● **DATA SUPPLIED**:
*** Block opens ***

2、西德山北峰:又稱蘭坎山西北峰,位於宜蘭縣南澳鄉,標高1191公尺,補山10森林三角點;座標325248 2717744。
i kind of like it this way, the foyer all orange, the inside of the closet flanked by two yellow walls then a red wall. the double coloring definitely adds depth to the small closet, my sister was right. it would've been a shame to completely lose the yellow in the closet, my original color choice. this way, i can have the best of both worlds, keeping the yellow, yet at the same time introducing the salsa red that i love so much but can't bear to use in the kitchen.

*** Block closes ***
*** Block opens ***

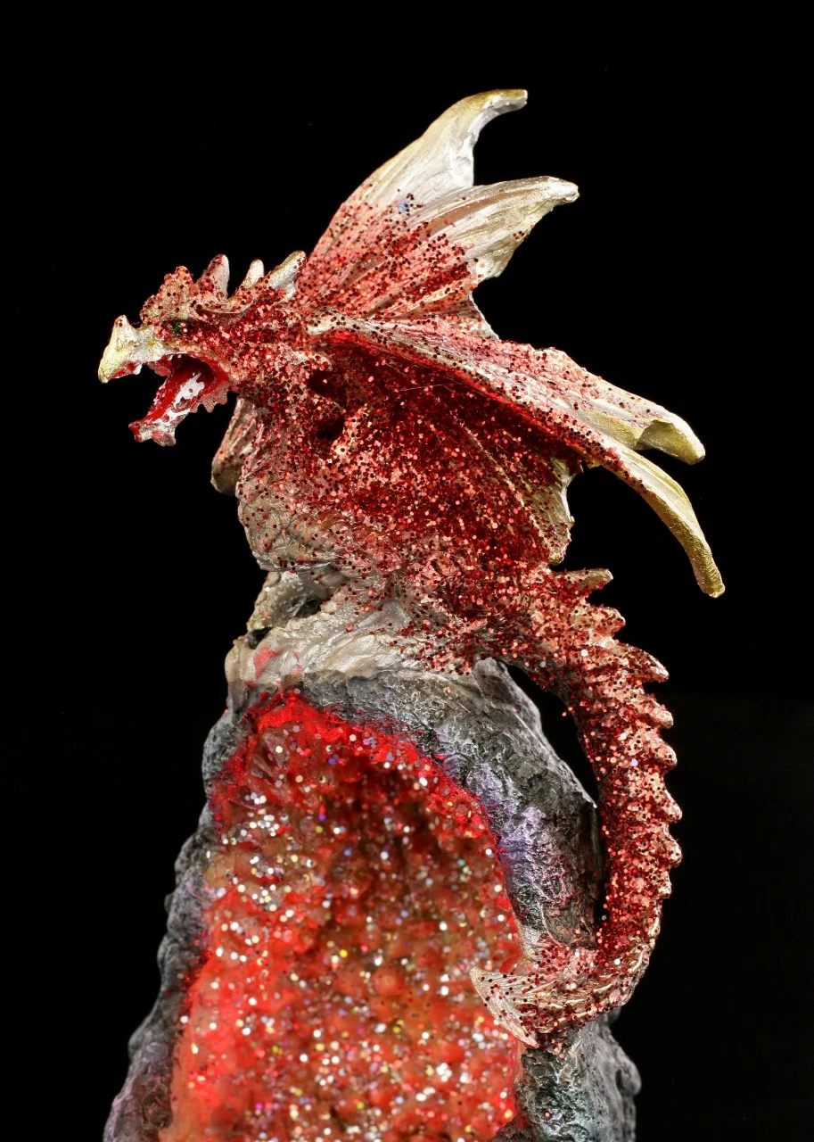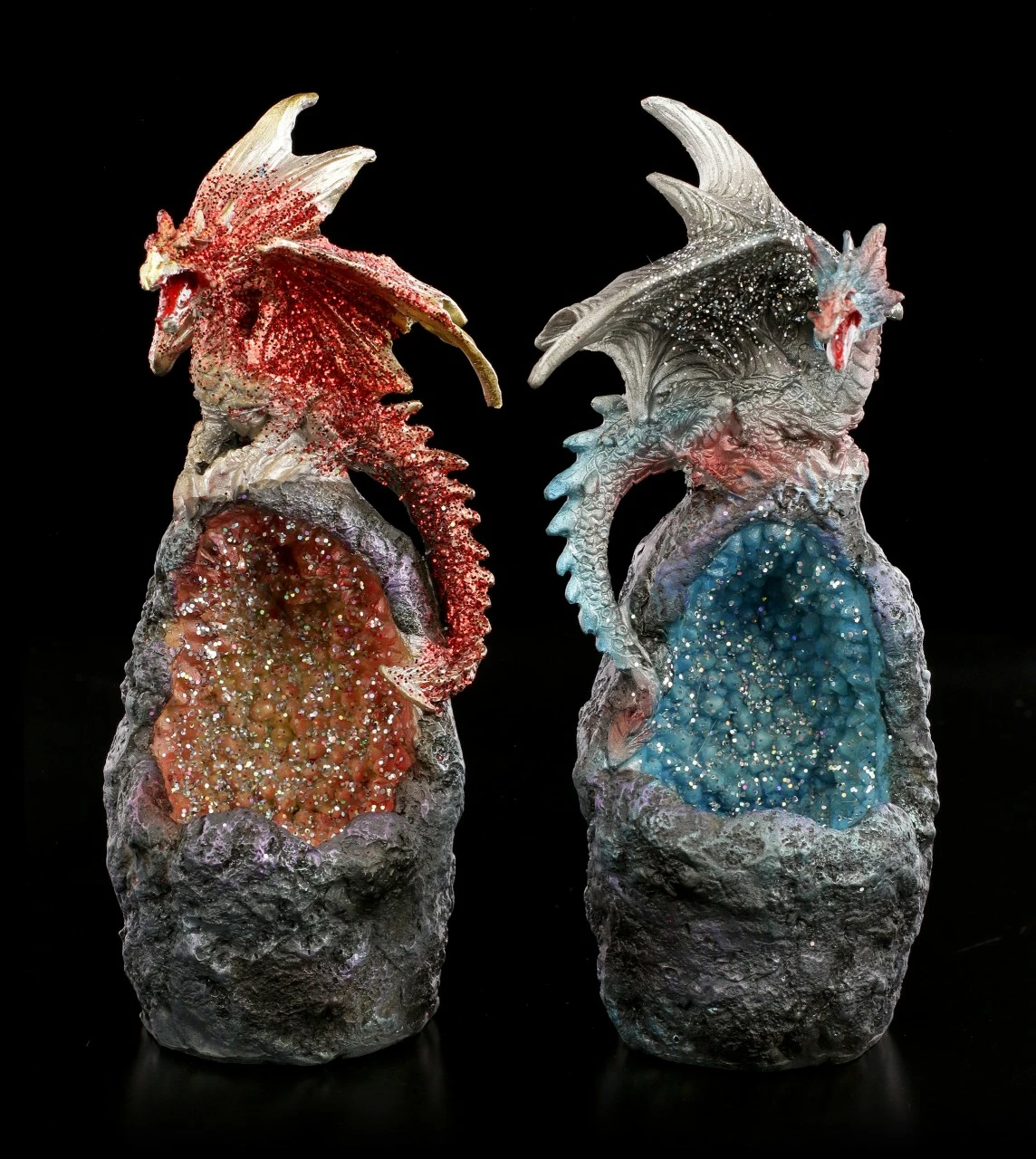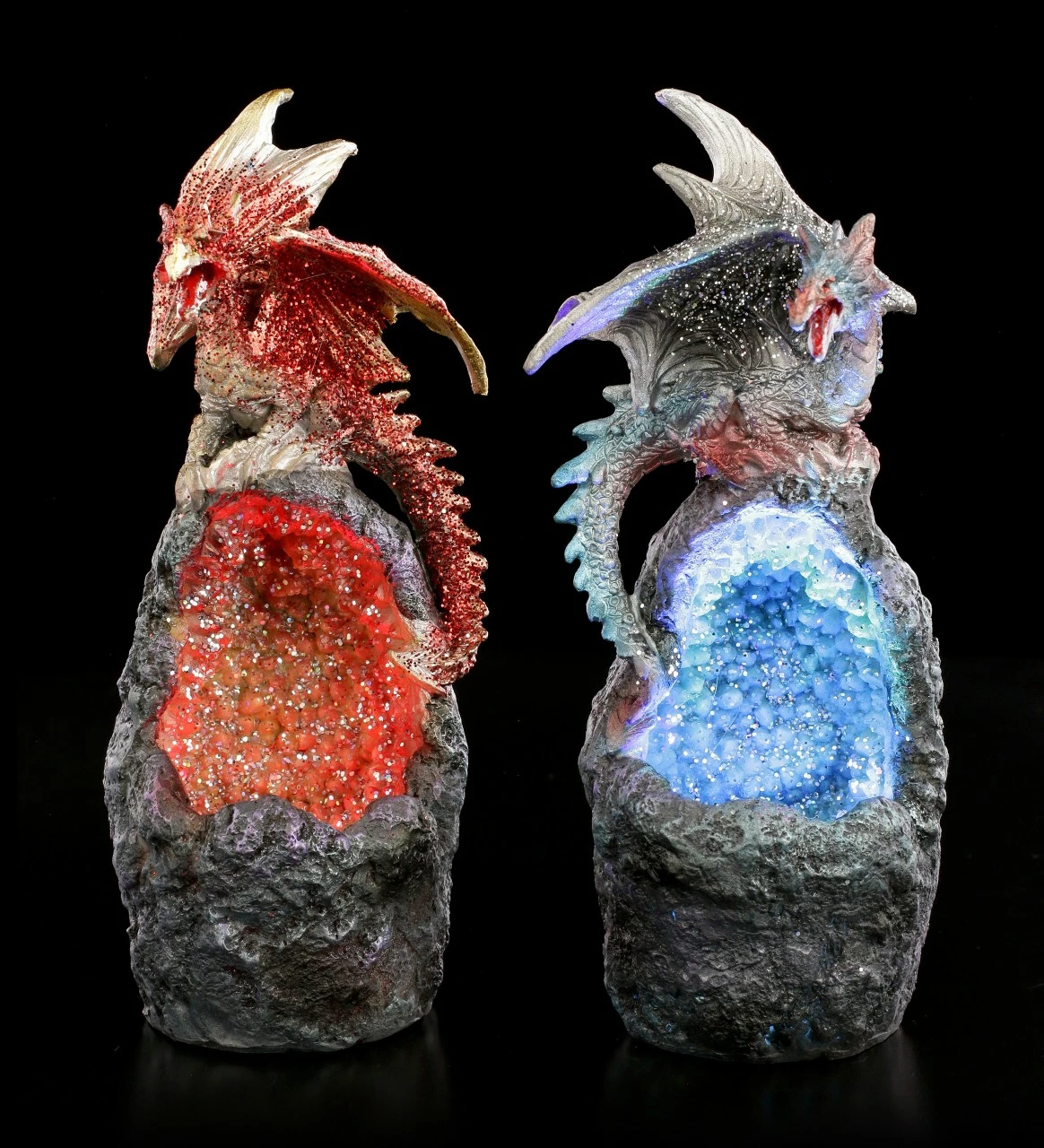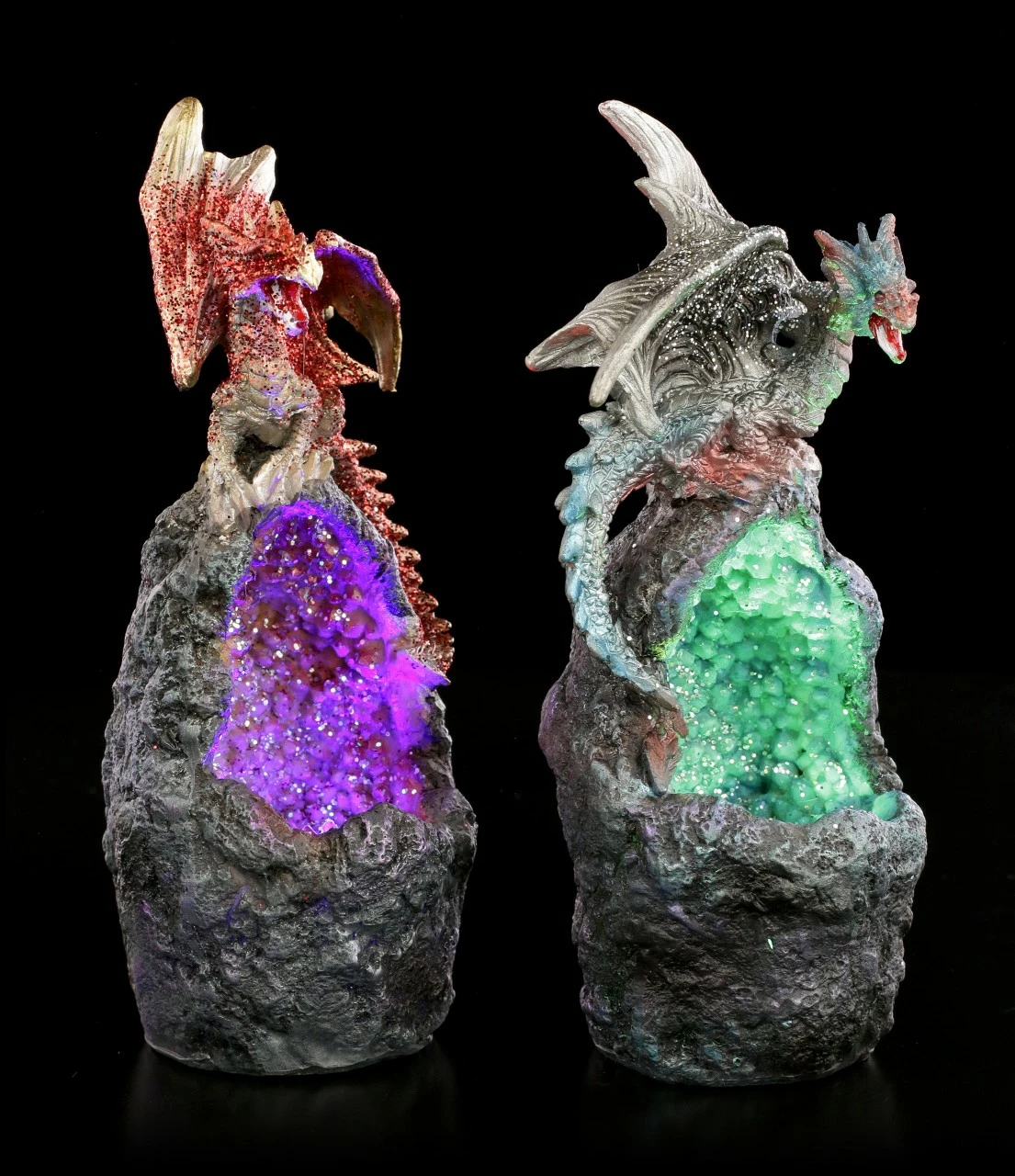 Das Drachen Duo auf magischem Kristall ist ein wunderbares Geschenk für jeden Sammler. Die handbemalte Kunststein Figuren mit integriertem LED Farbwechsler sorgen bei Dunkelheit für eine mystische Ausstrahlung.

*** Block closes ***

● **EXERCISE AIM**: Print the lines above from the one with "2、西德山北峰:又稱蘭坎山西" through the one with "i kind of like", both included, exactly as written and nothing more.

● **SOLUTION FOR THIS TASK**:
2、西德山北峰:又稱蘭坎山西北峰,位於宜蘭縣南澳鄉,標高1191公尺,補山10森林三角點;座標325248 2717744。
i kind of like it this way, the foyer all orange, the inside of the closet flanked by two yellow walls then a red wall. the double coloring definitely adds depth to the small closet, my sister was right. it would've been a shame to completely lose the yellow in the closet, my original color choice. this way, i can have the best of both worlds, keeping the yellow, yet at the same time introducing the salsa red that i love so much but can't bear to use in the kitchen.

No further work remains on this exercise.